Martin Scorsese não precisa falar, com “O Irlandês” ele mostra o que é cinema de verdade

É difícil imaginar que um dia a “Netflix” foi uma locadora de filmes, não é mesmo? Hoje, a pioneira do streaming no mundo pode até estar começando a perder espaço para os serviços das grandes companhias que a copiaram, mas as disputas neste novo mercado estão longe de acabar. E nessa “brincadeira”, a Netflix jogou alto ao trazer Martin Scorsese e Robert De Niro para produzirem um longa para a plataforma. “O Irlandês” é um filme baseado no livro de memórias do advogado Charles Brandt (“I Heard You Paint Houses”), que narra o caso real de Frank “The Irishman” Sheeran, sindicalista dos anos 70 que tinha fortes ligações com o crime organizado.

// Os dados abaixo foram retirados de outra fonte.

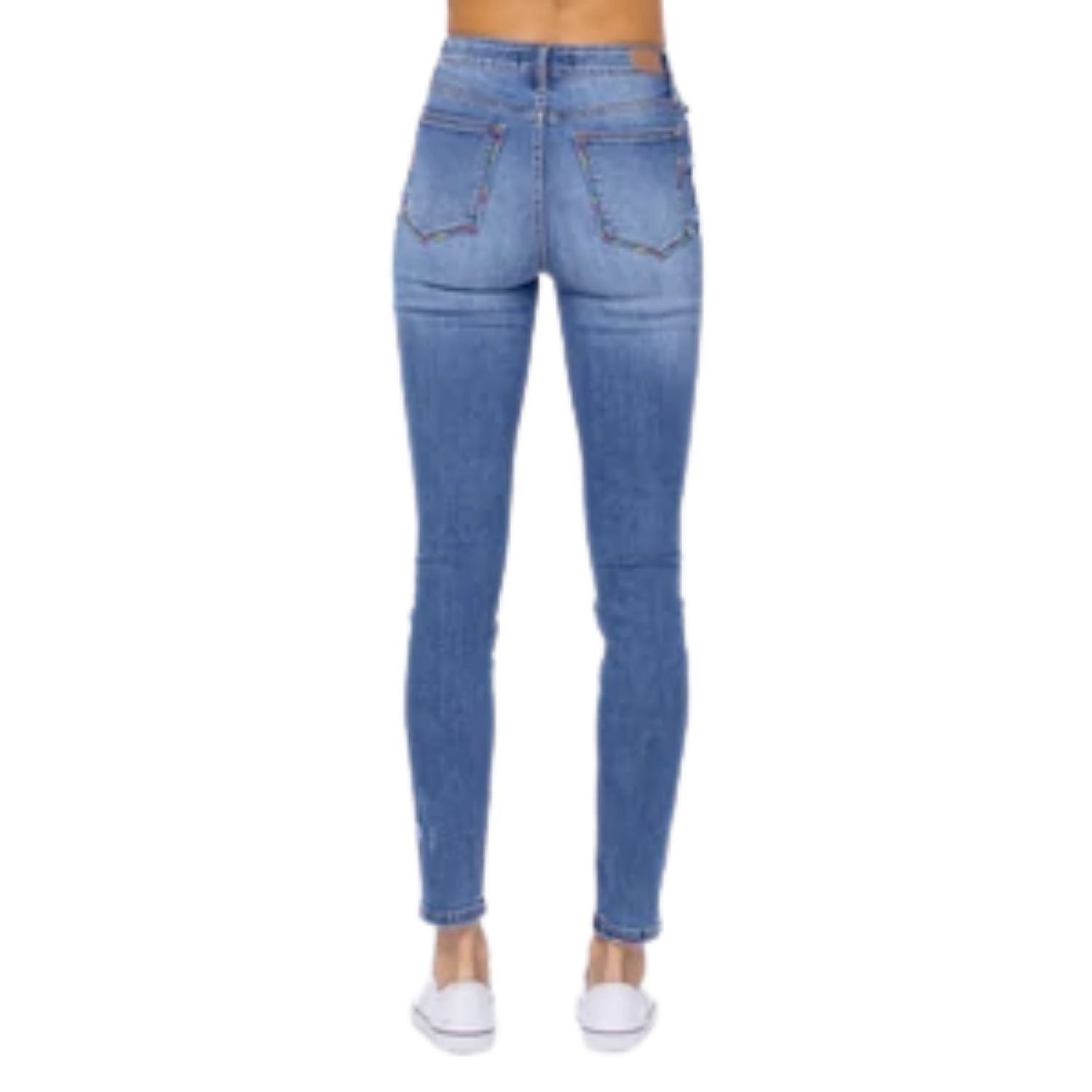 Have a look at these new skinnies! This design is special as it features subtle multi-color embroidery outlining the pockets that add a pop of fun to these jeans! They are a high rise with great stretch and comfort for all-day wear.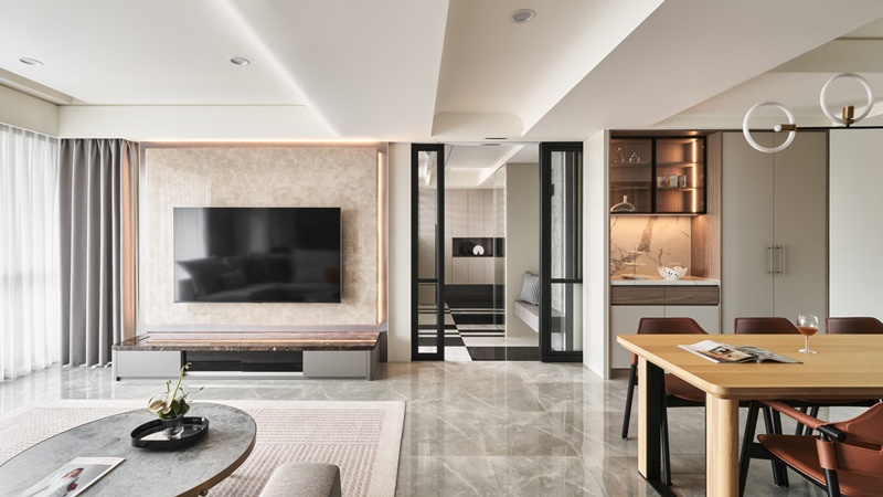 為追求永續與健康的居住承諾,空間中嚴選天然石材與環保塗料,在新北市豪宅室內設計與台中市豪宅室內設計的實踐中,樹立了綠色美學的典範。這不僅是一處棲身之所,更是一場關於材質、色調與光影的優雅對話,讓奢華不再只是物質的堆砌,而是深藏於日常細節中的幸福底蘊。
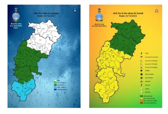 28 अक्टूबर तक बस्तर संभाग के जिलों में हल्की से मध्यम बारिश हो सकती है. सुकमा, दंतेवाड़ा और नारायणपुर जैसे इलाकों में भी मौसम एकदम बदल सकता है, इसलिए लोग बाहर जाने से पहले मौसम का हाल जान लें.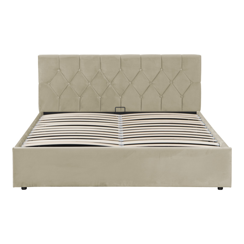 Κρεβάτι διπλό Kamaho pakoworld βελούδο κρεμ με αποθηκευτικό χώρο 160×200εκ

O roteiro é uma adaptação de Steven Zaillian, grande cineasta que foi responsável pelo roteiro de filmes como a “A Lista de Schindler” (1993) e “Missão: Impossível” (1996). Zaillian tinha um trabalho original pesado para adaptar, com muitos anos de uma história complexa, mas consegue fazer isso de forma brilhante trazendo o que muitos chamam de “vai e vem na história”, que em “O Irlandês” é fundamental para inserir o espectador no contexto da trama e propiciar que laços sejam criados entre os personagens e quem os assistem. É muito interessante a visão sobre o crime que o roteiro de Zaillian associado com a direção de Scorsese trazem para a tela. Coisas horríveis podem acontecer em tela, mas nada aproxima o público das calamidades, e em nenhum momento existe a incitação da violência (alô Todd Phillips, estou falando com você e seu filme irresponsável). Existe uma responsabilidade por parte dos cineastas em trabalhar com o tema, que inclusive está inserido em acontecimentos reais, e por mais delicadas que sejam as situações, não há intenção de polemizar ou esfregar na cara do público uma ideologia (Oi Todd Phillips, sou eu de novo).

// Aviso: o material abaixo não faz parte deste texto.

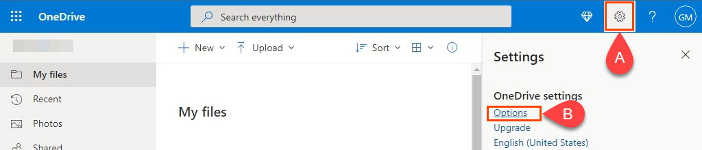 - Log in to OneDrive in a web browser and;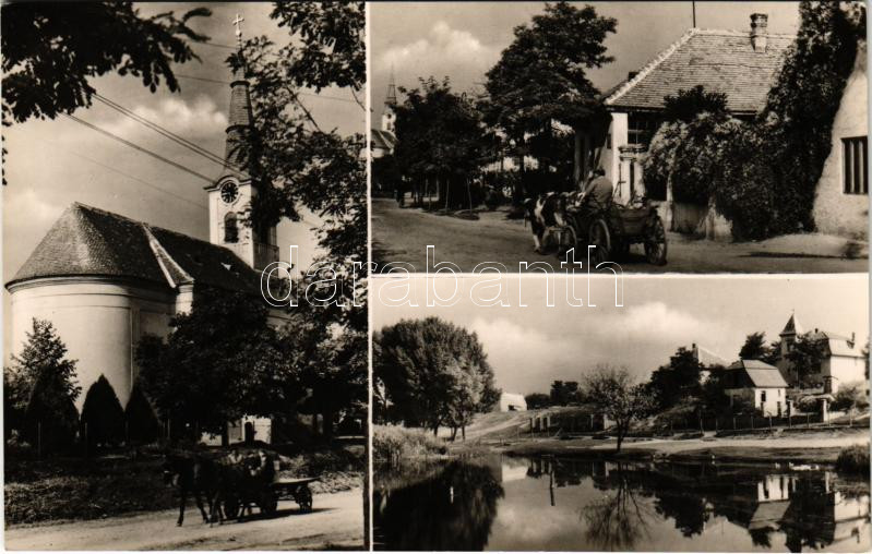 Leírás: ~1963 Veresegyház, utca, lovaskocsik, tó. Képzőművészeti Alap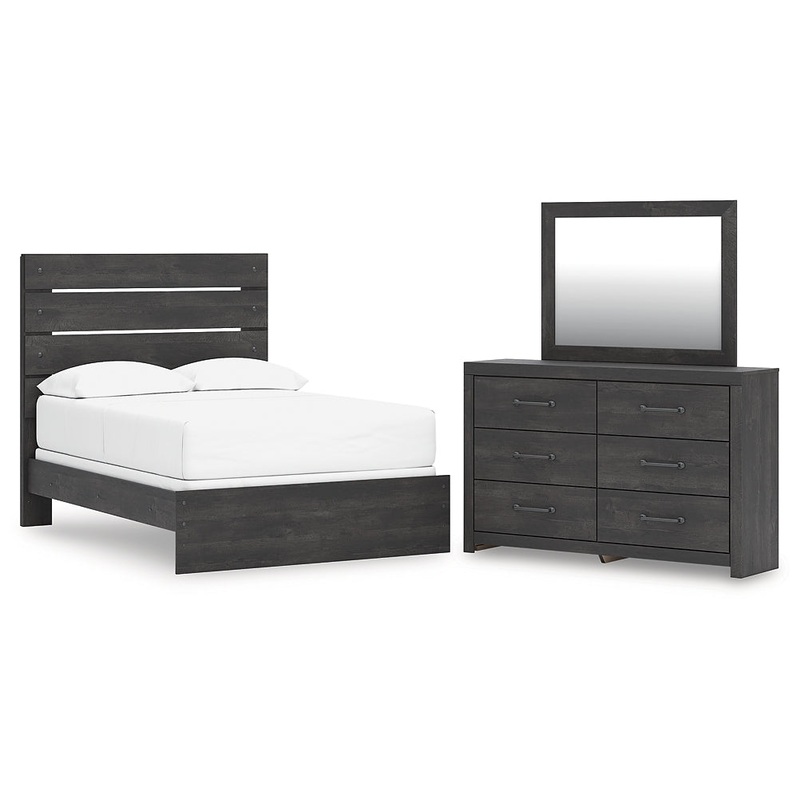 | Details | PCB2108B12: Includes panel headboard/footboard and rails, Made with engineered wood (MDF/particleboard/plywood) and decorative laminate for the right balance of affordability and durability , Charcoal finish over replicated oak grain with authentic touch, Decorative laminate replicates natural or man-made material surfaces with consistent color, pattern and texture, Foundation/box spring required, sold separately , Mattress available, sold separately, Minor assembly required, PCB2108B1: Includes dresser and mirror, Made with engineered wood (MDF/particleboard/plywood) and decorative laminate for the right balance of affordability and durability , Charcoal finish over replicated oak grain with authentic touch, Decorative laminate replicates natural or man-made material surfaces with consistent color, pattern and texture, Large-scale dark colored handles, 6 smooth-gliding drawers, Drawer interiors are lined with a faux linen laminate for a clean, finished look , Mirror attaches to back of dresser; can also be mounted on wall horizontally or vertically, Safety is a top priority, clothing storage units are designed to meet the most current standard for stability, ASTM F 2057 (ASTM International), Drawers extend out to accommodate maximum access to drawer interior while maintaining safety, Minor assembly required, |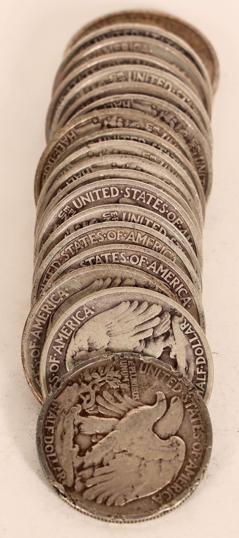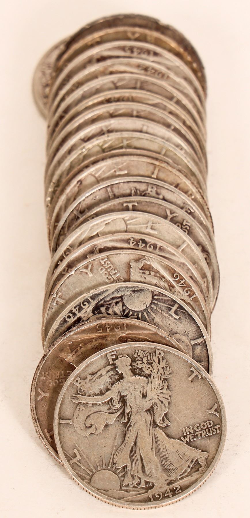 Roll of 20 Walking Liberty half dollars with 19 different dates and mint marks from 1940 through 1946. G-VF condition.

Crime é um tema frequente na carreira de Scorsese, que já nos trouxe grandes filmes do gênero e não há dúvidas que o diretor sabe trabalhar isso como ninguém. As mortes em seus filmes são orquestradas como grandes sinfonias, e os enquadramentos que Scorsese escolhe para cada uma delas nos indica a importância delas para os personagens, criando uma obra verdadeiramente rica que sem dúvida pode se dar ao direito de ter três horas e meia de duração. Cada movimento da câmera tem sua razão e é muito bem pensado para que os atores tenham o maior destaque possível em cada cena.

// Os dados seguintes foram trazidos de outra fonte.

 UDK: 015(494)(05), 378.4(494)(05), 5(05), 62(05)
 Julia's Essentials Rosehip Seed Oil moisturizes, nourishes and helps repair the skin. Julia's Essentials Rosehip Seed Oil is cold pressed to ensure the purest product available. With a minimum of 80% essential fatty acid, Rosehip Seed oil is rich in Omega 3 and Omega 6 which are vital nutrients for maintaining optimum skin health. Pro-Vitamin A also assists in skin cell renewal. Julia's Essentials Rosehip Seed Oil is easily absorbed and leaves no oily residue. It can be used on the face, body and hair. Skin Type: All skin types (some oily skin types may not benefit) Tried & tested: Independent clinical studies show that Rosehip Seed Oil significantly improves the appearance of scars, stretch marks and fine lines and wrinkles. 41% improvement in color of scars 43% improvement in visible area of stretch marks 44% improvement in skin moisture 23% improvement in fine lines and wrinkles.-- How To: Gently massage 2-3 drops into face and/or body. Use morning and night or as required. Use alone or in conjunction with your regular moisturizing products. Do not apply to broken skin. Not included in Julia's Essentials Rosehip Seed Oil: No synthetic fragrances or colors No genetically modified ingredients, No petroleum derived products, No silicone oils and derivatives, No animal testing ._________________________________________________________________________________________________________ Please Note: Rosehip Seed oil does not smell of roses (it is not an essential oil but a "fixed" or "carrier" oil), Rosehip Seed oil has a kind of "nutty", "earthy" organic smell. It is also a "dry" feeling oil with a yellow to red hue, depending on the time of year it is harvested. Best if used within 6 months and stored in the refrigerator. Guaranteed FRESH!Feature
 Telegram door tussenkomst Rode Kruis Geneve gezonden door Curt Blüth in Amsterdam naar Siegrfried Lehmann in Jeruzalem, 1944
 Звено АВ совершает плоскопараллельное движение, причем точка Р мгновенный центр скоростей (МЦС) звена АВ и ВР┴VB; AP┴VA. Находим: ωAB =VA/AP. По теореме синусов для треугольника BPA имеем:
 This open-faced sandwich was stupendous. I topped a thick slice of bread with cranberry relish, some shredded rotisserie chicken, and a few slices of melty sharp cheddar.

Confesso, caros leitores, sinto-me intimidado em comentar a atuação destes veteranos e não encontro palavras para enaltecer ainda mais o talento deles. Robert De Niro, Al Pacino e Joe Pesci nasceram para interpretar papéis do gênero e mesmo que tenham talento o suficiente para migrarem para outras categorias de filmes, é visível o prazer e a naturalidade que eles trazem para seus papéis. O longa traz em seu roteiro a passagem de um longo período de tempo, e assim De Niro e Pesci têm cenas na quais foram rejuvenescidos digitalmente, bem como cenas que foram envelhecidos. Esses recursos tornam a produção única, e quase como uma grande homenagem a carreira desses atores icônicos.

Outra homenagem que o filme traz está sutilmente presente na trilha sonora, que em alguns momentos traz algumas notas do tema de “O Poderoso Chefão”, envolvendo ainda mais o público com a história que está sendo contada.

Martin Scorsese recentemente deu algumas polêmicas declarações sobre o que considerava cinema, e talvez se mais pessoas pensassem como ele, nós não teríamos tantos filmes na nossa categoria “Houston We Have a Problem”. O cinema é uma arte, e como toda arte, também foi corrompido pelas massas. Os Vingadores podem até atrair mais público e serem mais rentáveis, mas jamais chegarão aos pés de uma boa história, tão bem escrita e dirigida como “O Irlandês”. Caso tenham a oportunidade, assistam ao filme no cinema que, antes de chegar a Netflix no dia 27, terá sessões em cinemas selecionados entre os dias 14 e 20 de novembro.